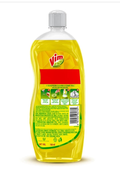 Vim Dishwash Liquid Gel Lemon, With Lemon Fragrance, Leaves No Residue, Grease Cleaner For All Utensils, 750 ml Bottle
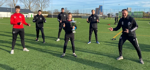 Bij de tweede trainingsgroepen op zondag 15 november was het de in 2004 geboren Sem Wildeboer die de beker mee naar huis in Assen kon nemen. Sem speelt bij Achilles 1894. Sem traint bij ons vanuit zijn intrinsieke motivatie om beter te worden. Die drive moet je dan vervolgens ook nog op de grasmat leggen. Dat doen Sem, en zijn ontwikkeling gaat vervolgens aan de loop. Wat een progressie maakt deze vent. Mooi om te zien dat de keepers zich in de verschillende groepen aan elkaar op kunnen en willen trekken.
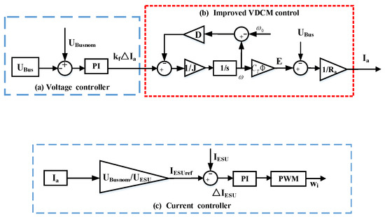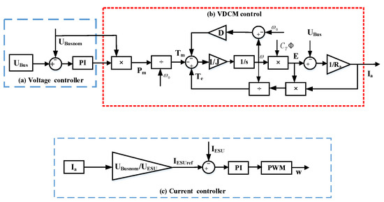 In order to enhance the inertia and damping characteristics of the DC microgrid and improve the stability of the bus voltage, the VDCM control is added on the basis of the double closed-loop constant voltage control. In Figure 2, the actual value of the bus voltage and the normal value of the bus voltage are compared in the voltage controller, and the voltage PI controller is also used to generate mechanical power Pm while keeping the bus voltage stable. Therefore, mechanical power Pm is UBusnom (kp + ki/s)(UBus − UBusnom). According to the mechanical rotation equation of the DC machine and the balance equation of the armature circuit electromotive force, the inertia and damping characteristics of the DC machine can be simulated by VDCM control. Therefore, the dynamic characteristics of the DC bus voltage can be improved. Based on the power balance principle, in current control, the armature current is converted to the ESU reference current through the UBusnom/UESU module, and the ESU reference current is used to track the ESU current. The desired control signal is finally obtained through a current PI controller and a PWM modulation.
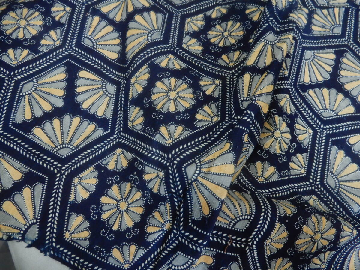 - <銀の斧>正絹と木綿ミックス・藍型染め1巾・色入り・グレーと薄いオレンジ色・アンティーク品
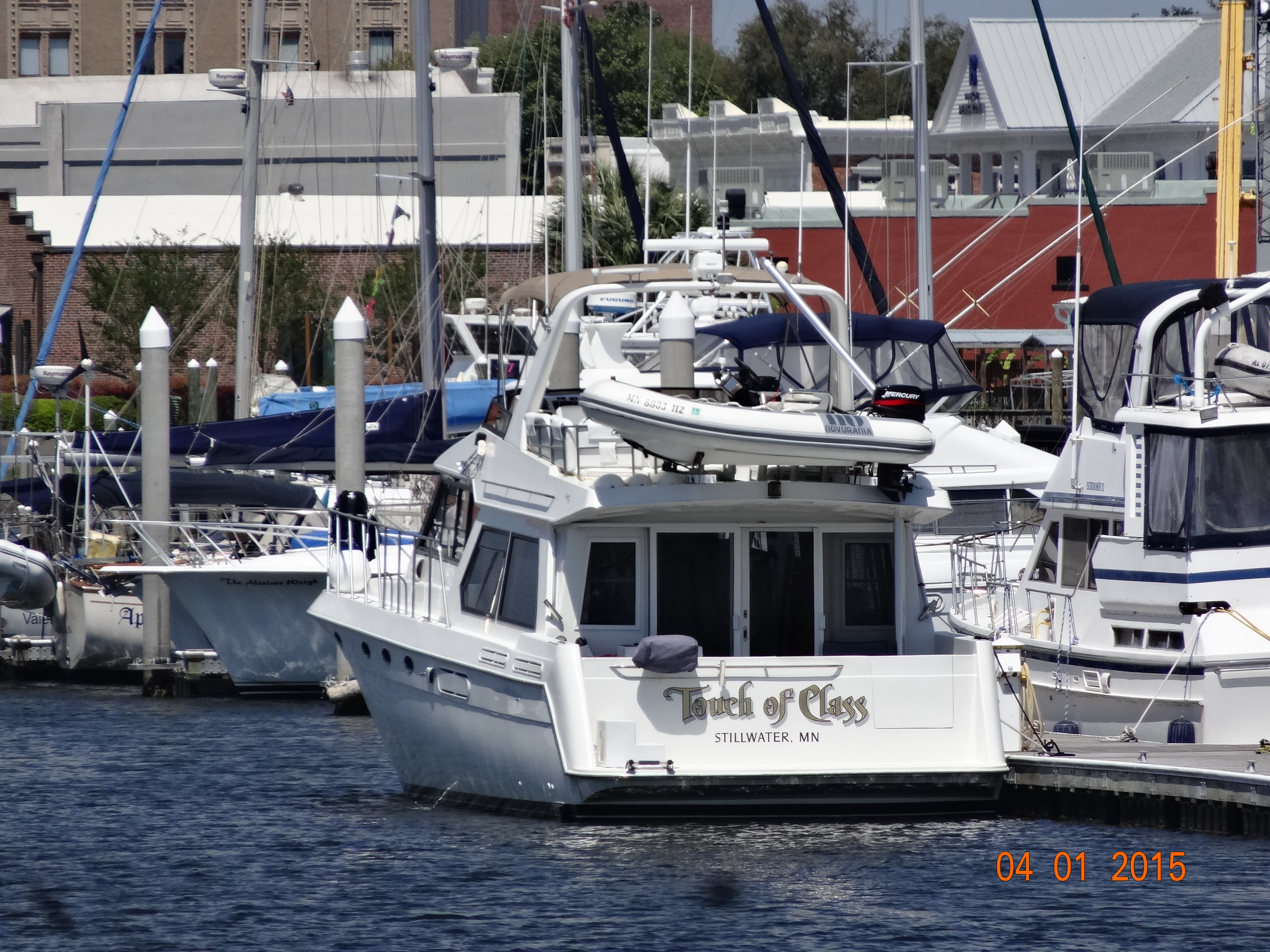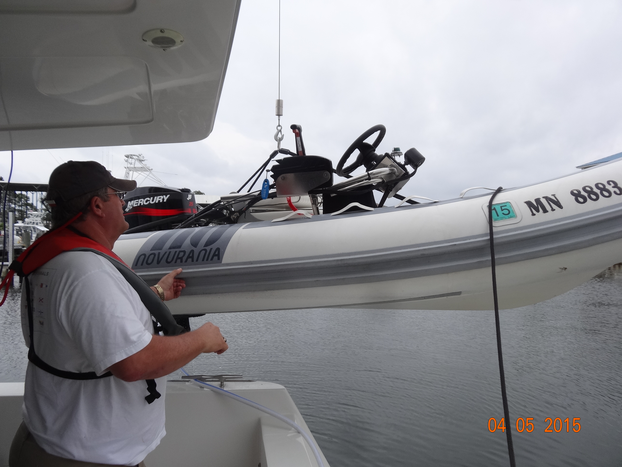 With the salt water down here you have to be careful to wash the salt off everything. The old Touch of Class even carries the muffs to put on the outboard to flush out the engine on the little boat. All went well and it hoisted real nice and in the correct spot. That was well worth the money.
------------------------
WHAT IS EXPECTED: An exact copy of the entries, without any pictures, is what the answer should be.

WORKED SOLUTION:
 Vim Dishwash Liquid Gel Lemon, With Lemon Fragrance, Leaves No Residue, Grease Cleaner For All Utensils, 750 ml Bottle
 Bij de tweede trainingsgroepen op zondag 15 november was het de in 2004 geboren Sem Wildeboer die de beker mee naar huis in Assen kon nemen. Sem speelt bij Achilles 1894. Sem traint bij ons vanuit zijn intrinsieke motivatie om beter te worden. Die drive moet je dan vervolgens ook nog op de grasmat leggen. Dat doen Sem, en zijn ontwikkeling gaat vervolgens aan de loop. Wat een progressie maakt deze vent. Mooi om te zien dat de keepers zich in de verschillende groepen aan elkaar op kunnen en willen trekken.
 In order to enhance the inertia and damping characteristics of the DC microgrid and improve the stability of the bus voltage, the VDCM control is added on the basis of the double closed-loop constant voltage control. In Figure 2, the actual value of the bus voltage and the normal value of the bus voltage are compared in the voltage controller, and the voltage PI controller is also used to generate mechanical power Pm while keeping the bus voltage stable. Therefore, mechanical power Pm is UBusnom (kp + ki/s)(UBus − UBusnom). According to the mechanical rotation equation of the DC machine and the balance equation of the armature circuit electromotive force, the inertia and damping characteristics of the DC machine can be simulated by VDCM control. Therefore, the dynamic characteristics of the DC bus voltage can be improved. Based on the power balance principle, in current control, the armature current is converted to the ESU reference current through the UBusnom/UESU module, and the ESU reference current is used to track the ESU current. The desired control signal is finally obtained through a current PI controller and a PWM modulation.
 - <銀の斧>正絹と木綿ミックス・藍型染め1巾・色入り・グレーと薄いオレンジ色・アンティーク品
 With the salt water down here you have to be careful to wash the salt off everything. The old Touch of Class even carries the muffs to put on the outboard to flush out the engine on the little boat. All went well and it hoisted real nice and in the correct spot. That was well worth the money.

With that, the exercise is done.